▶ _Task directions_
Within the entries below, please retype exactly the lines starting with the line that has "Attack with a" and going on through the line that has "今回の製作では、手作りスタン", but not the pictures.

▶ _Data_
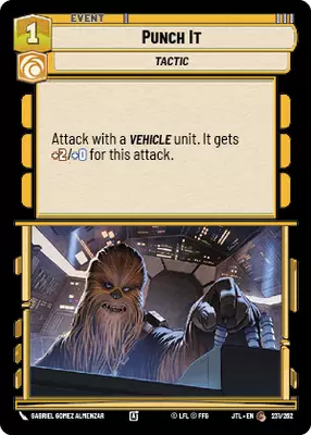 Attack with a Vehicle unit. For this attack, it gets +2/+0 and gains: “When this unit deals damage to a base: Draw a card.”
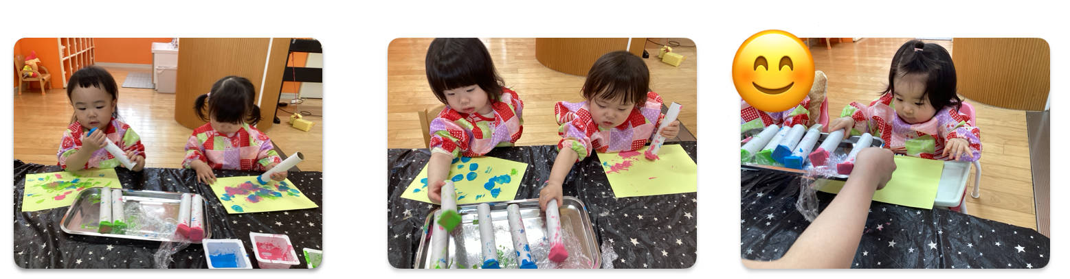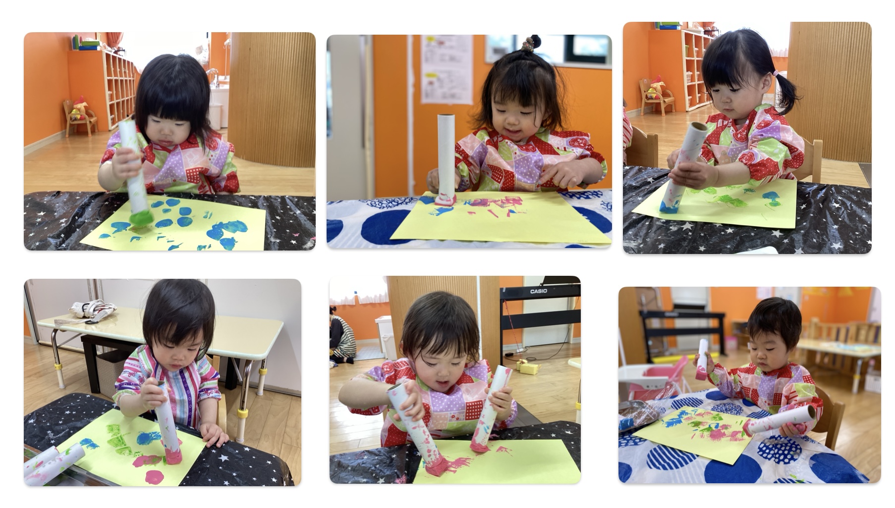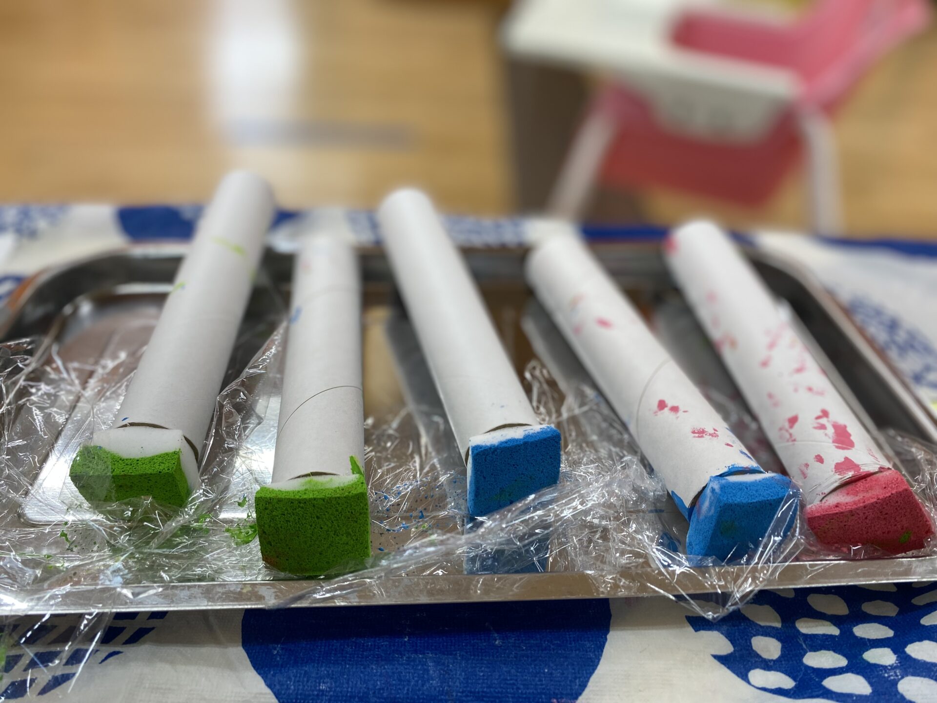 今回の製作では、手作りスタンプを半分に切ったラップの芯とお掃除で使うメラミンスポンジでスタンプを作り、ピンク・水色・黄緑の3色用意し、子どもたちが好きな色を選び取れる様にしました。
* * *
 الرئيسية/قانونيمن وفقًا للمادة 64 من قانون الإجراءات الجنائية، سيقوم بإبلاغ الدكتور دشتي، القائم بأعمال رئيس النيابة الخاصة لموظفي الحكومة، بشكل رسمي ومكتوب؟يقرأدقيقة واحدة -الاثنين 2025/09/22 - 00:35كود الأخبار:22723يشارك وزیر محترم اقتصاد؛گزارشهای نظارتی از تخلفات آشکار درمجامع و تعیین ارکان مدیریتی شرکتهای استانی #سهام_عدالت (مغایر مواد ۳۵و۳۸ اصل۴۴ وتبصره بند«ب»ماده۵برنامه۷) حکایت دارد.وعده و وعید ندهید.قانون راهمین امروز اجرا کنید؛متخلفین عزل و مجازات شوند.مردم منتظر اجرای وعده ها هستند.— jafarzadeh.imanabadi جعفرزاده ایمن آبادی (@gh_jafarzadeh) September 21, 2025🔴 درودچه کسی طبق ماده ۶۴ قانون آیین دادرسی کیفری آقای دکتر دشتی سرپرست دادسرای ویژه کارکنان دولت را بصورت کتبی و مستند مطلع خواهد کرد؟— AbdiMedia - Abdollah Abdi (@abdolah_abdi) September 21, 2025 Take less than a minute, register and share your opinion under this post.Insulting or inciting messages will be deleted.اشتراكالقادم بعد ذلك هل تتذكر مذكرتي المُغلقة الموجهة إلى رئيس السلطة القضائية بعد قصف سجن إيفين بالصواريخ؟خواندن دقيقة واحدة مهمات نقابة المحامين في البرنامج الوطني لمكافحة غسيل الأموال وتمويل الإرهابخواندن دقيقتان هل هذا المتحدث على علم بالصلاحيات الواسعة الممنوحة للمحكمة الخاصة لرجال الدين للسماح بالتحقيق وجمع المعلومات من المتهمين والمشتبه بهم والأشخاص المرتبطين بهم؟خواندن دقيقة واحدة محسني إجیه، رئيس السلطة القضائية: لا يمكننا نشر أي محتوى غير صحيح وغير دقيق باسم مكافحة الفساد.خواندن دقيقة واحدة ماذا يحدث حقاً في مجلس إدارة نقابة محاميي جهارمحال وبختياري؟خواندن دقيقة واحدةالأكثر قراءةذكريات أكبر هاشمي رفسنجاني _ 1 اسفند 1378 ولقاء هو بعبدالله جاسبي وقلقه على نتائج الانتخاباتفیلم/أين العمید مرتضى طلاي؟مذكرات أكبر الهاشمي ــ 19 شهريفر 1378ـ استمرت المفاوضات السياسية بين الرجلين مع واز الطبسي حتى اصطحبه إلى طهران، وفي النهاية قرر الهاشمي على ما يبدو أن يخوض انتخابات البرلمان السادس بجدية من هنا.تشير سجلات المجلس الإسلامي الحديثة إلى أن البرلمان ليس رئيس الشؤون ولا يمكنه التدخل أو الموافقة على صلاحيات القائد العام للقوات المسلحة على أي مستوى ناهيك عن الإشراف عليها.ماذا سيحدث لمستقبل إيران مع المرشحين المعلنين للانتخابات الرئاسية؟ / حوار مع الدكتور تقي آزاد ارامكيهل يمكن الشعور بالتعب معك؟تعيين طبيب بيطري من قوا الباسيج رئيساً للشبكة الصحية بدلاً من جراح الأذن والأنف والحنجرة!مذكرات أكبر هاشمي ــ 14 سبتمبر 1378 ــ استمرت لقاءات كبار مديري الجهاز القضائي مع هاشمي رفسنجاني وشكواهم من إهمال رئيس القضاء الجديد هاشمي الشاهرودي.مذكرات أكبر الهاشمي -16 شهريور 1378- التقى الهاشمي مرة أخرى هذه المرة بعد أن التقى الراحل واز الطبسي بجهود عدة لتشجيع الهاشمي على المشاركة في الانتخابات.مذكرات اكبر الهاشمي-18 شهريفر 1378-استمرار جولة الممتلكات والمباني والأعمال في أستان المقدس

▶ _Solution below_
 Attack with a Vehicle unit. For this attack, it gets +2/+0 and gains: “When this unit deals damage to a base: Draw a card.”
 今回の製作では、手作りスタンプを半分に切ったラップの芯とお掃除で使うメラミンスポンジでスタンプを作り、ピンク・水色・黄緑の3色用意し、子どもたちが好きな色を選び取れる様にしました。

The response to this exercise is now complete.